#### TASK TO COMPLETE
Pictures aside, the output must consist of the lines from the one containing "シマウマの植物 Aphelandra 二粒系" through the end of the data, reproduced exactly.

[GIVEN DATA — start]

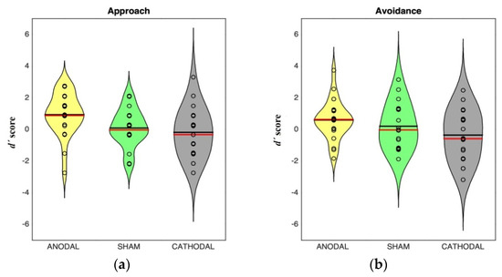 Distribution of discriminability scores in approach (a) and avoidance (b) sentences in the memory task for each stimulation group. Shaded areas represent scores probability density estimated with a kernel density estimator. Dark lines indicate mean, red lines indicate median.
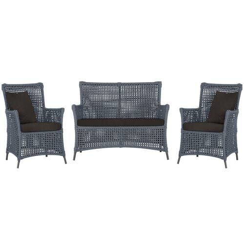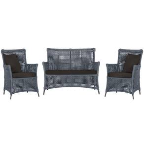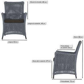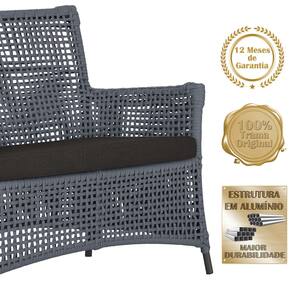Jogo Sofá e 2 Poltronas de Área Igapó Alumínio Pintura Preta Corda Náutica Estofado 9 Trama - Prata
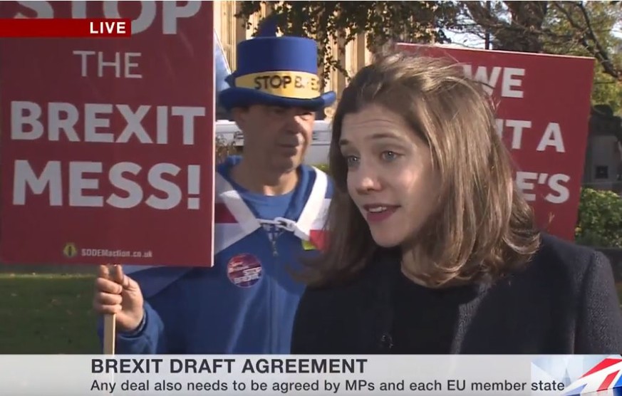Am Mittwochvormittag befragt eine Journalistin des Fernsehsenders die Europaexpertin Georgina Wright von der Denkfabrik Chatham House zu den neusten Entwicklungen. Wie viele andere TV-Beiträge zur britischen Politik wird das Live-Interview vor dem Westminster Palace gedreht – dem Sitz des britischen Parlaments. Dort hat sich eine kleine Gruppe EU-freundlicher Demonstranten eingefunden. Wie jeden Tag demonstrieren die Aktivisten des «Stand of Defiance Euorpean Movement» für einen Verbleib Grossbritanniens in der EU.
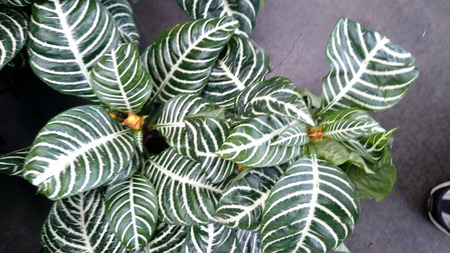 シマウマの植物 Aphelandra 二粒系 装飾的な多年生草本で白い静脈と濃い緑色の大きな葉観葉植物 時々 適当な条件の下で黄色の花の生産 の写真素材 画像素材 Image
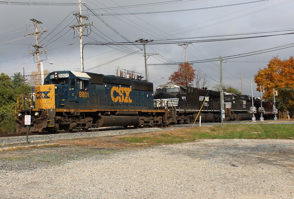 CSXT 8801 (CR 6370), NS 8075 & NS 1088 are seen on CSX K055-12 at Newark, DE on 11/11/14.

[GIVEN DATA — finish]

#### ANSWER TO THIS PROBLEM
 シマウマの植物 Aphelandra 二粒系 装飾的な多年生草本で白い静脈と濃い緑色の大きな葉観葉植物 時々 適当な条件の下で黄色の花の生産 の写真素材 画像素材 Image
 CSXT 8801 (CR 6370), NS 8075 & NS 1088 are seen on CSX K055-12 at Newark, DE on 11/11/14.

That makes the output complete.